We’ve had this collection of video from a particular customer for a while with the embarrassing feature that the version we were producing from the website had no sound. I couldn’t figure it out at all – the original had 8 audio channels, which seemed likely to be the source of the problem, but no matter which one I played in vlc it was always silent.

Actually… turns out that was just vlc lying to us and not switching channels. Sigh. (I’d file a bug report, but channel switching clearly works in other contexts and we can’t share the video, so I don’t know how best to do that).

We revisited this yesterday and verified that actually there are perfectly good audio tracks on channels 3 and 4, but the other 6 are silent and we were defaulting to using tracks 1 and 2. The camera in question has a variety of different ways of taking audio in, and which tracks are non-silent depends on which audio inputs you use. Of course, all the channels are there regardless of what you do, and there’s no metadata (that I could find) marking which ones contain sound.

It’s easy enough for our transcode process to select the right tracks, but combining the audio tracks is harder (some transcoders support it, some don’t). So ideally what we would do is just remove the silent audio tracks (you probably guessed this from the title).

But how do you do that? There’s no metadata saying which are silent, so you have to figure out which audio tracks are silent and which contain sound. In an automated way that is – listening to it is no good – and with the audio tracks in an arbitrary codec.

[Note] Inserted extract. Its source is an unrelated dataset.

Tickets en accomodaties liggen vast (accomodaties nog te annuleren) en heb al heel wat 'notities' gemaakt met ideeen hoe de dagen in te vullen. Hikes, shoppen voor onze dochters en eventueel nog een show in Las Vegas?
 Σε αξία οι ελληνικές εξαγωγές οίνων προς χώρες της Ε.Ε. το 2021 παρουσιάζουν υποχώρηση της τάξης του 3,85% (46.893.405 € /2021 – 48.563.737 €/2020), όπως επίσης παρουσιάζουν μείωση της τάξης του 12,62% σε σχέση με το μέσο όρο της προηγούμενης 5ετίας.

I pondered this for a little while and came up with a solution. It’s duct tape programming in the extreme, but actually it works very nicely:

We have no metadata. So we have to use the data. We don’t know what the format is, so we have to convert it to a standard one. What standard format would make it really easy to detect whether a track is silent? Well… an uncompressed one. Pick a random simple uncompressed audio format? Let’s try wav.

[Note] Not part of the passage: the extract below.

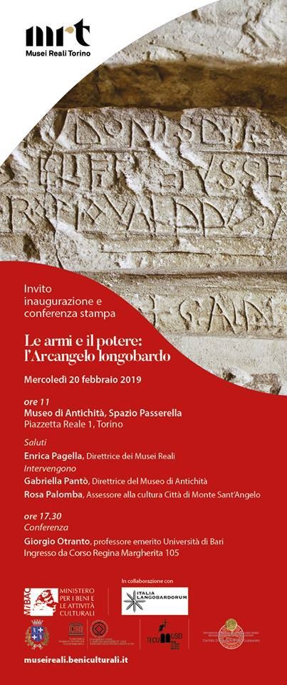 Con Le armi e il potere: l’Arcangelo longobardo, i Musei Reali aderiscono al progetto promosso dal MiBAC e dall’Associazione Italia Langobardorum, dal titolo Longobardi in vetrina, che promuove la diffusione della conoscenza della cultura longobarda. La collaborazione e la sinergia tra i siti UNESCO, i musei della rete, e quelli nazionali che sono espressione dei territori di forte valenza longobarda, come il Piemonte, che nel Museo di Antichità conserva una collezione longobarda tra le maggiori in Italia, hanno permesso di individuare sette grandi temi declinati in quindici mostre temporanee che avranno luogo nel 2019.

It turns out that detecting a silent wav file is trivially easy: It consists overwhelmingly of 0 bytes. There’s a brief header at the beginning, and then the rest of the file is just a big long chain of 0s. So for each audio track we generate a wav, check what percentage of it is 0 bytes, and if it’s >= 99.9% we declare it to be silent.

Once we’ve determined which tracks are silent it’s then a simple matter (admittedly a simple matter which took me a reasonable amount of wrestling with command line options and asking for help on IRC) to use ffmpeg to cut out the silent tracks. The invocation looks approximately like:

ffmpeg -i original.mov -y -ac 2 -map 0.0 -map 0.3 -map 0.4 -acodec copy -vcodec copy output.mov -newaudio

-ac tells the number of audio channels the output should have, the map options say which channels from the source to use (the order is significant) and -newaudio says “Don’t fail in mysterious and incomprehensible ways as a result of my having tried to change the audio channels”.

In the unlikely event that anyone who isn’t us will find this useful, I’ve started collecting the results of experiments like this into a repo on github. The code for this post is there as “removesilent”. It’s not the exact code we’re using at work (as that’s better integrated into our system), but it’s pretty close.